Replies are listed 'Best First'.
Re: How to take only maximum directory name by using its digits using perl?
by haukex (Chancellor) on Mar 29, 2017 at 06:49 UTC

    If I understand your question correctly, then the problem is that your regex does not match. /rev_(\d)+/ has an _ where your sample input does not, and the + quantifier should be on the character it is supposed to quantify, \d, not the capture group. If I change the regex to /rev(\d+)/, your code works for me, meaning that when the loop ends, $max_id holds the highest directory number (2, in both cases).

    Note: I am taking your sample input literally, meaning that I am assuming the two sample inputs you showed are exactly what your "log file" looks like. If this is not the case, please read and understand this page: SSCCE.
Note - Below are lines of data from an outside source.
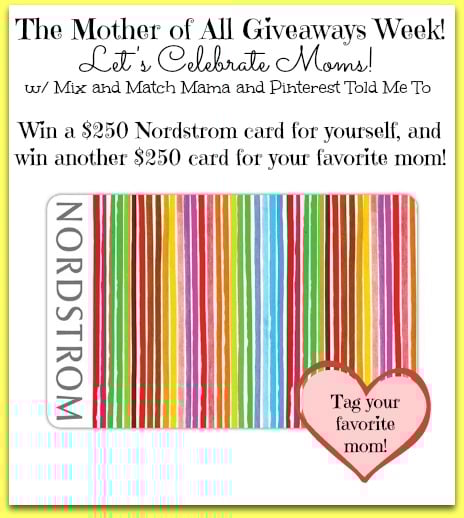 Woohoo! Today, one winner will receive a $250 Nordstrom gift card for herself and one to give her favorite mama!
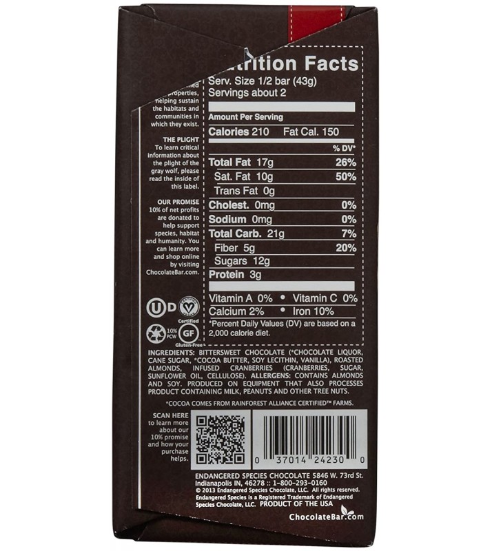 Endangered Species Chocolate Dark Chocolate with Cranberry and Almond Bar, 3 Ounce -- 12 per case. This
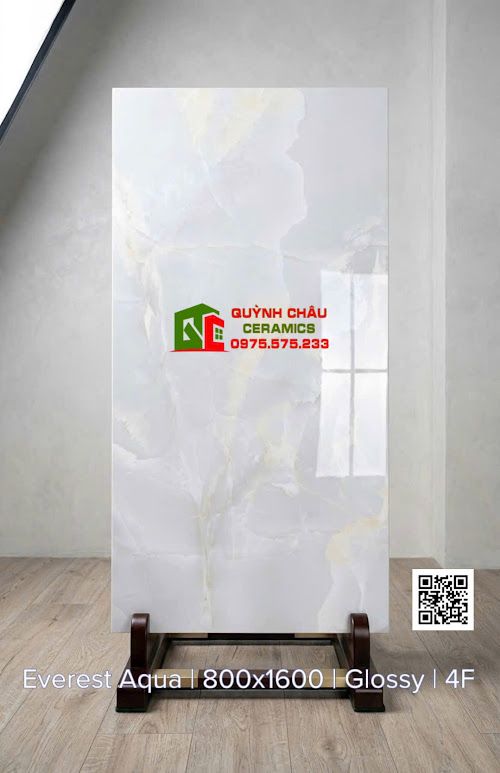 Gạch Ấn Độ 80x160 Trắng Kem Vân Đá Xanh Nhạt Bóng Kiếng: Tuyệt Tác Cho Không Gian Sống Đẳng Cấp
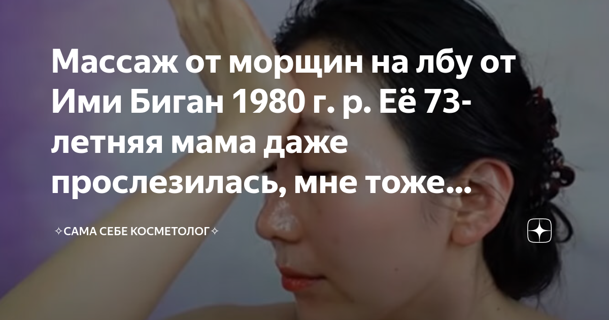 Массаж от морщин на лбу от Ими Биган 1980 г. р. Её 73-летняя мама даже прослезилась, мне тоже понравилось, но с оговорками Ими Биган, как звучит в переводе описания к видео, «родила» новый массажный комплекс от морщин на лбу. Проверила его на своей маме и той понравилось до восторженных слез. Комплекс и на самом деле эффективный. Ими соединила массаж кожи головы с массажем кожи лба, что, согласитесь, даже для Интернета весьма необычно. Мы или апоневроз массируем, или лоб ...
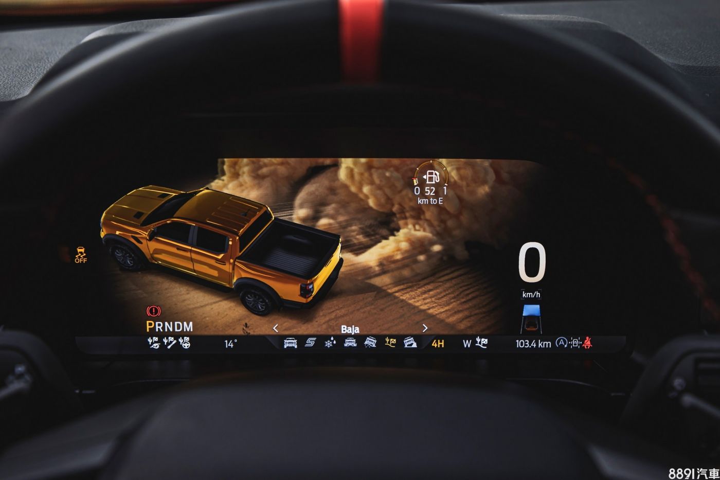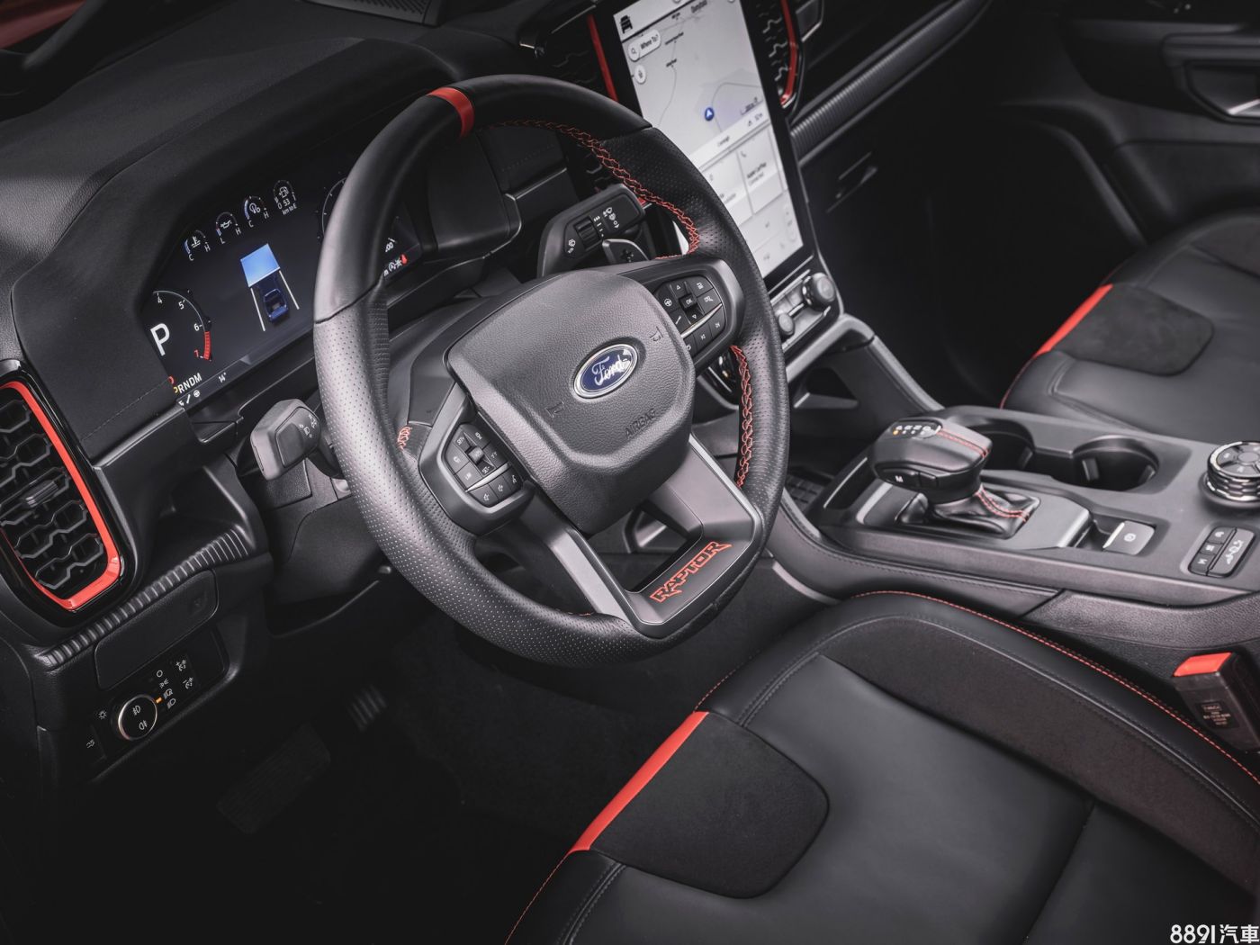 作為車系頂規車型,Ranger Raptor配備方面也不顯含糊,全車座椅換上專屬運動化設計,搭配無處不在的紅色縫線與飾板,熱血氣息相當濃厚。方向盤換上鎂合金換檔撥片,搭配12.4吋數位儀錶、12吋直立觸控螢幕、SYNC 4介面與B&O音響,科技與熱血在Ranger Raptor身上得以並存。

      The thing which you mentioned is right one.I should skip the underscore from the rev.And should include with + inside grouping. Please look the below code.Hence i am not getting the things.Did i made any mistakes with my code.Let me know to check it?
      my $location = $output_dir; print $location; open LOGFILE, $location; my $first_line = 1; print $first_line; my $max_id; while (<LOGFILE>) { if (/rev(\d+)/) { if ($first_line) { $first_line = 0; print $first_line; $max_id = $1; print $max_id; } else { $max_id = $1 if ($1 > $max_id); print $max_id; } } } close LOGFILE;
        Did i made any mistakes with my code.

        This isn't an SSCCE. You have neither declared nor defined $output_dir and therefore $location is undefined so LOGFILE cannot be opened and your while (<LOGFILE>) condition will never be true.

        Let me know to check it?

        Item 1 of the Basic debugging checklist is to use the stricture pragmas. This would have highlighted the problem to you.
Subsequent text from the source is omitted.